Methylphenidate Enhances the Abuse-Related Behavioral Effects of Nicotine in Rats: Intravenous Self-

  1. Jatelka
    Neuropsychopharmacology (2008) 33, 1137-1148

    Wooters TE (http://www.ncbi.nlm.nih.gov/sites/e...l.Pubmed_DiscoveryPanel.Pubmed_RVAbstractPlus), Neugebauer NM (http://www.ncbi.nlm.nih.gov/sites/e...l.Pubmed_DiscoveryPanel.Pubmed_RVAbstractPlus), Rush CR (http://www.ncbi.nlm.nih.gov/sites/e...l.Pubmed_DiscoveryPanel.Pubmed_RVAbstractPlus), Bardo MT (http://www.ncbi.nlm.nih.gov/sites/e...l.Pubmed_DiscoveryPanel.Pubmed_RVAbstractPlus).

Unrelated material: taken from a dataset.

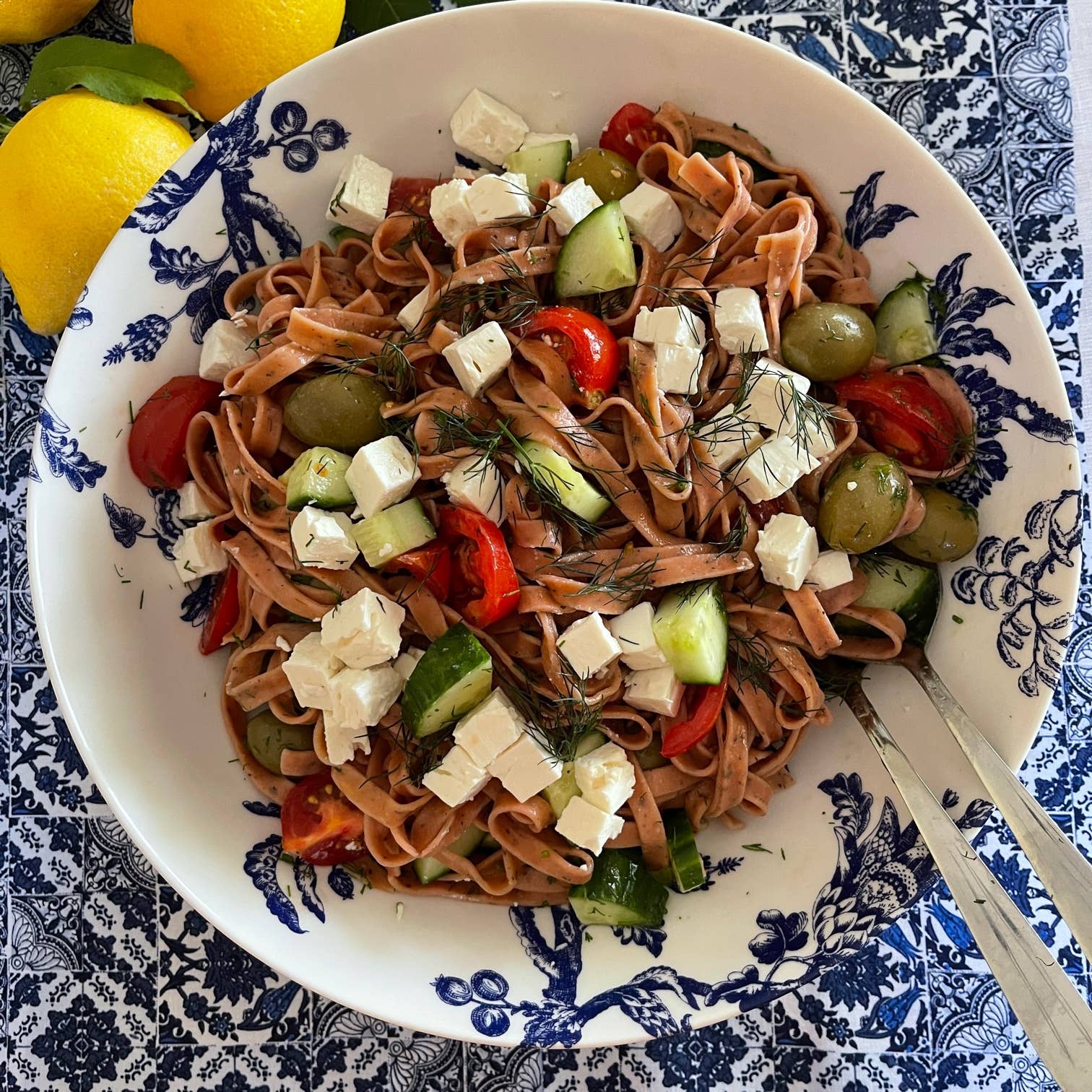 Ingredients: unbleached wheat flour, tomato powder, dried basil, and beet powder and water

    Stimulant drugs, including D-amphetamine, cocaine, and methylphenidate, increase cigarette smoking in controlled human laboratory experiments. Although the mechanism(s) underlying this effect are unknown, it is possible that stimulants may enhance directly the abuse-related effects of nicotine. In the present study, we characterized the behavioral pharmacological interactions between methylphenidate and nicotine in the intravenous self-administration, drug discrimination, and locomotor cross-sensitization procedures. Adult male Sprague-Dawley rats were trained to respond for intravenous nicotine (0.01 or 0.03 mg/kg/infusion) or sucrose, and the acute effects of methylphenidate (1.25-10 mg/kg) were determined; in addition, separate groups of rats were treated with methylphenidate (2.5 mg/kg) or saline before 12 consecutive nicotine (0.03 mg/kg/infusion) self-administration sessions. Next, the discriminative stimulus effects of nicotine (0.03-0.3 mg/kg) and methylphenidate (1.25-10 mg/kg), alone and in combination with a low nicotine dose (0.056 mg/kg), were tested in nicotine-trained rats. Finally, the locomotor effect of repeated methylphenidate (2.5 mg/kg) was tested in rats previously treated with nicotine (0.2-0.8 mg/kg). Results indicated that acute methylphenidate increased the rate of nicotine self-administration at doses that reduced sucrose-maintained responding; furthermore, tolerance to this effect was not apparent following repeated methylphenidate. Methylphenidate, while not substituting for nicotine alone, dose-dependently enhanced the discriminative stimulus effect of a low nicotine dose. In addition, repeated nicotine exposure promoted the development of locomotor sensitization to methylphenidate. Taken together with recent clinical findings, these results suggest that methylphenidate may enhance the abuse-related behavioral effects of nicotine, perhaps increasing vulnerability to tobacco dependence.